* _What is needed_
From the data below, copy exactly the lines that lie between the one holding "미담타임스 김준완 기자" and the one holding "第六步,插入三维面积图插入当作功。", including both, and nothing more.

* _Supplied data_
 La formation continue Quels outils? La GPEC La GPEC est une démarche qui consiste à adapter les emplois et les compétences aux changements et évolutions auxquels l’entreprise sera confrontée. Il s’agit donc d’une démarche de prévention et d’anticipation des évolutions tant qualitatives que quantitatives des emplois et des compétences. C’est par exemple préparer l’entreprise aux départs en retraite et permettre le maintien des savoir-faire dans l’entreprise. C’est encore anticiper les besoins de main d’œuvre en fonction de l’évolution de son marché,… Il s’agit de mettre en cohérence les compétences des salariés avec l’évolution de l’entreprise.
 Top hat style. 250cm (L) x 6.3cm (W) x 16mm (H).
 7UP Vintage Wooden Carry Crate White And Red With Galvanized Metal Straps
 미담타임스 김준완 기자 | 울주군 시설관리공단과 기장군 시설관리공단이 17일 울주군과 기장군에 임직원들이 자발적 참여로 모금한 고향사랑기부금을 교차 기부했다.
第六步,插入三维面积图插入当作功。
---
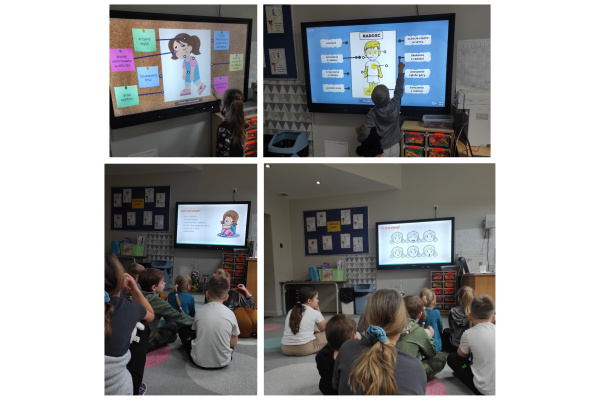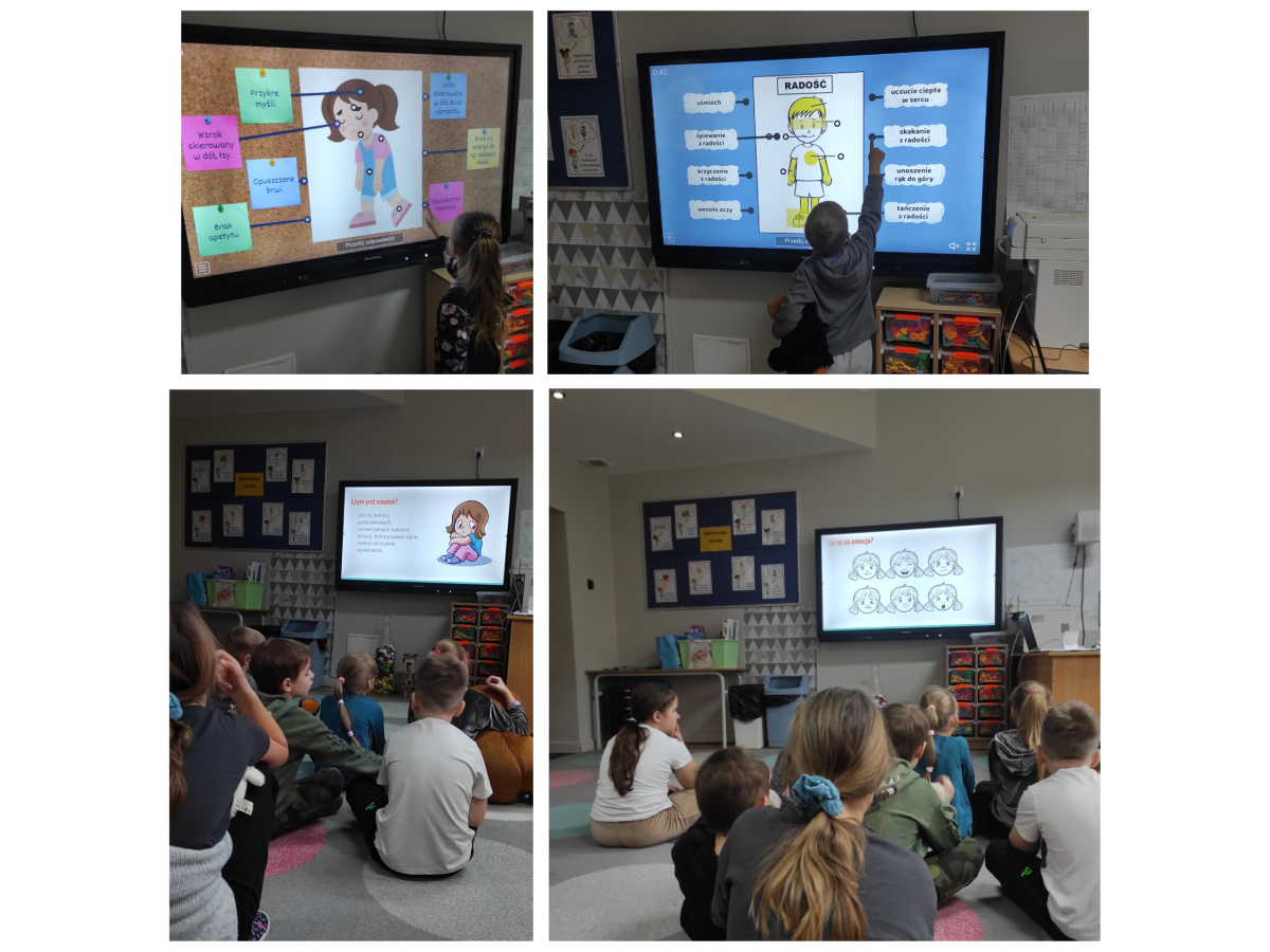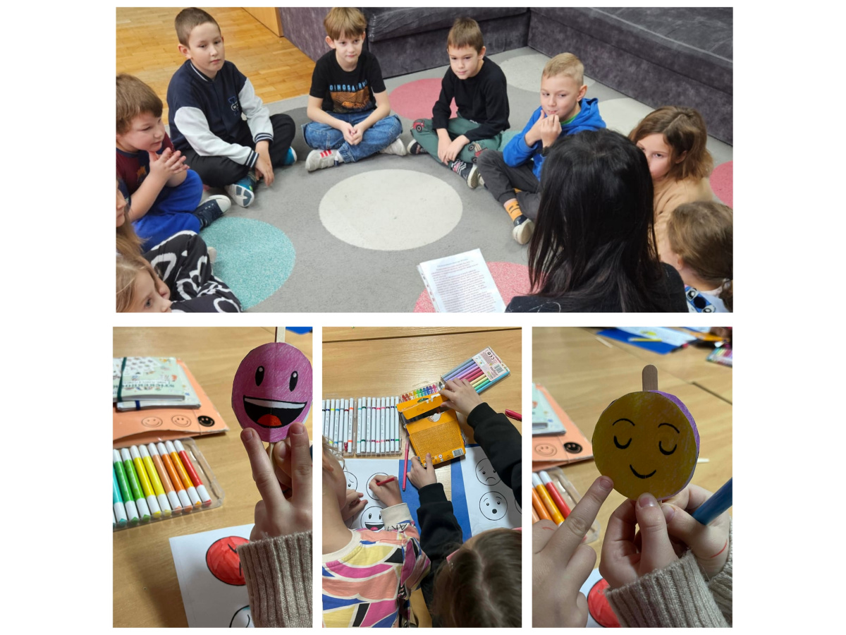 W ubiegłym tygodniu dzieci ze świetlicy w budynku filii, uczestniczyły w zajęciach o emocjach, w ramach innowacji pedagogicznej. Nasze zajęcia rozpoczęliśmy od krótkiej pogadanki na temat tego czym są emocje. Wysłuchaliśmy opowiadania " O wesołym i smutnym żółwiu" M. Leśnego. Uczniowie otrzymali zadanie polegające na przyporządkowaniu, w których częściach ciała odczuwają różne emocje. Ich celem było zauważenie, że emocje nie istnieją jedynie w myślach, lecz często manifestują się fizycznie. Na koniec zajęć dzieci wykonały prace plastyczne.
...
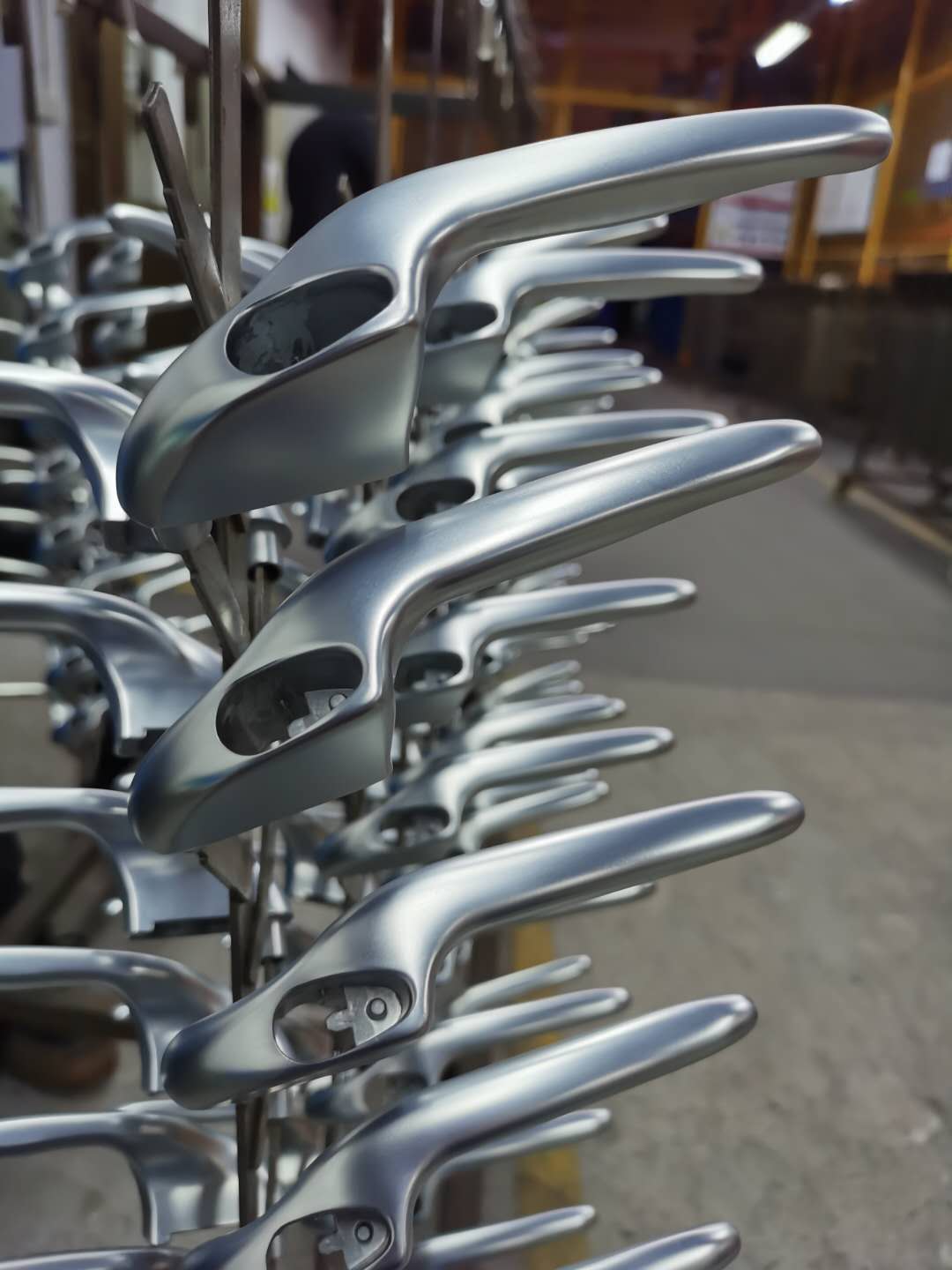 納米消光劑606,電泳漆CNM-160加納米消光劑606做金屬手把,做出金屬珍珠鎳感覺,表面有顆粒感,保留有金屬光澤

* _Output for this exercise_
 미담타임스 김준완 기자 | 울주군 시설관리공단과 기장군 시설관리공단이 17일 울주군과 기장군에 임직원들이 자발적 참여로 모금한 고향사랑기부금을 교차 기부했다.
第六步,插入三维面积图插入当作功。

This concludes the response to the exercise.